The unconditional surrender of Germany, signed on 7 May 1945 and celebrated the following day, VE Day, was greeted with joy and relief throughout Britain, although there was still the realisation that the war in the Far East was yet to be won. Only the surrender of Japan on 14 August, with VJ Day the day after, finally saw the Second World War over.

For some, the victory was a time of rejoicing, a celebration of the triumph of democracy over tyranny or just the lifting of some of the wartime restrictions. For others, it was a sombre occasion, a time to remember loved ones who would never return. For most, though, it meant that it would not be much longer before their husband, boyfriend, son or father returned home.

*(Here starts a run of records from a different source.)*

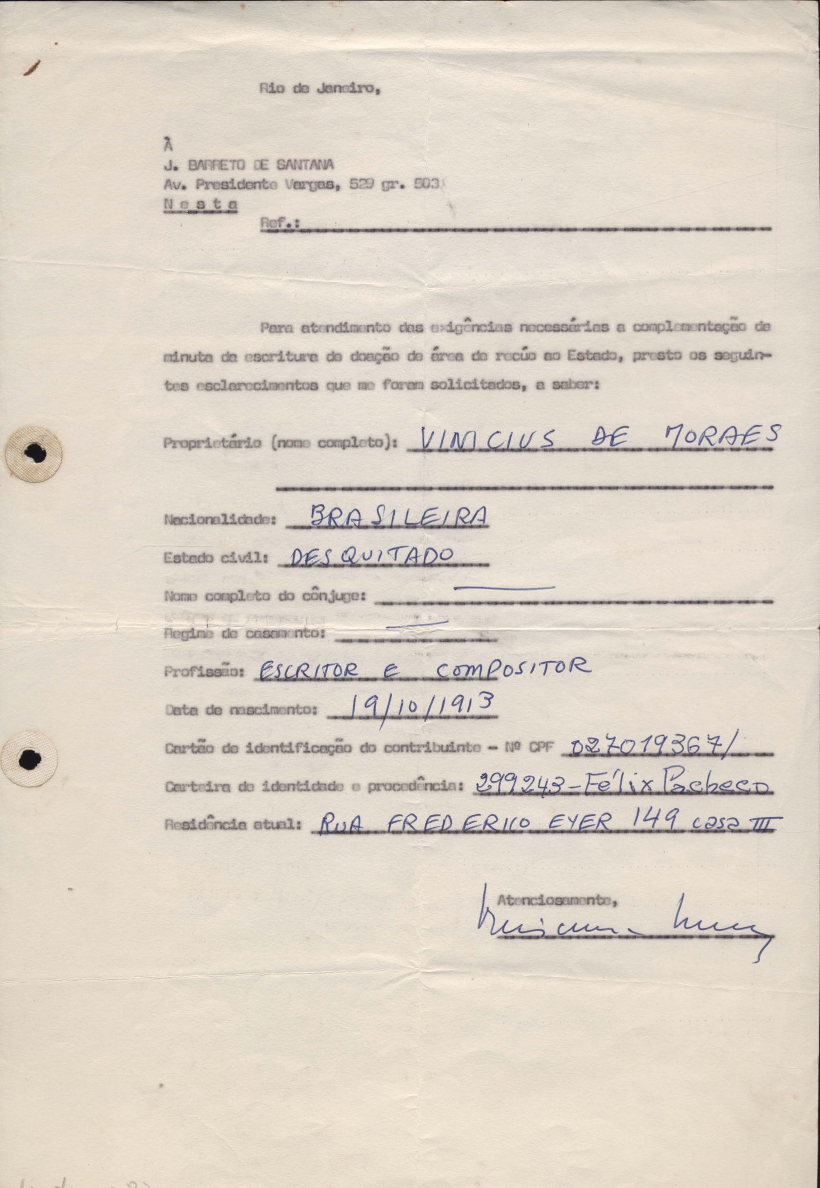Esclarecimento de dados pessoais de VM para J. Barreto de Santana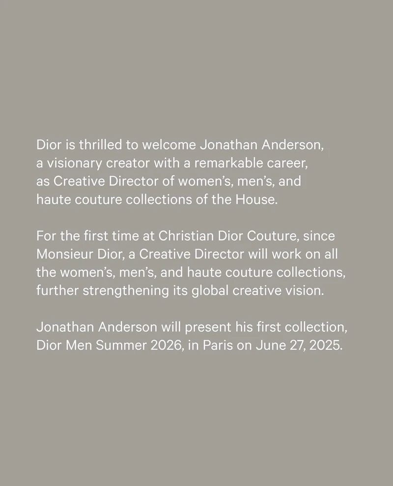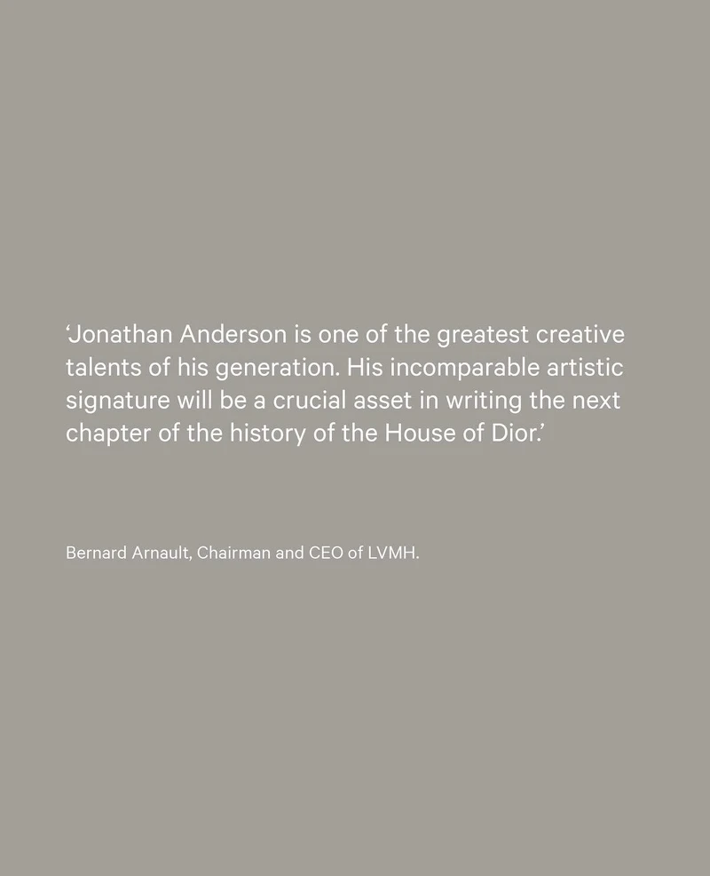 LVMH集團董事長Bernard Arnault亦補充道:「Jonathan Anderson將成為Dior跨入新篇章的關鍵資產,他那無可取代的藝術語言,正是品牌需要的創意火花。」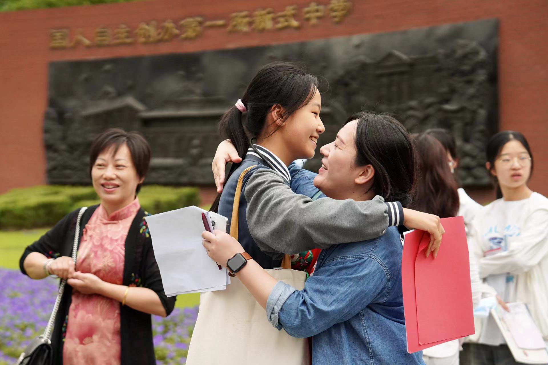 进考场前,老师给学生拥抱鼓劲加油。劳动报记者 贡俊祺 摄影

Thousands of East Lothian men served in the forces at home and overseas and, with the outbreak of peace, anxiously waited to exchange their uniforms for 'civvies' and the infamous Demob suit and to return home. These men, who had served their country with distinction and faced horrors which cannot possibly be imaginable by those who were not there, were treated as heroes and returned to be guests of honour at civic ceremonies and 'Welcome Home' parties, often receiving the freedom of their home towns.

The war that these men sacrificed so much to help win has proved to be the 'war to end wars' that the First World War was not. In the 60 years since the end of the Second World War we have been lucky enough not to face another world war and have been spared the horrors that the servicemen and women, and their families, went through from 1939 until 1945.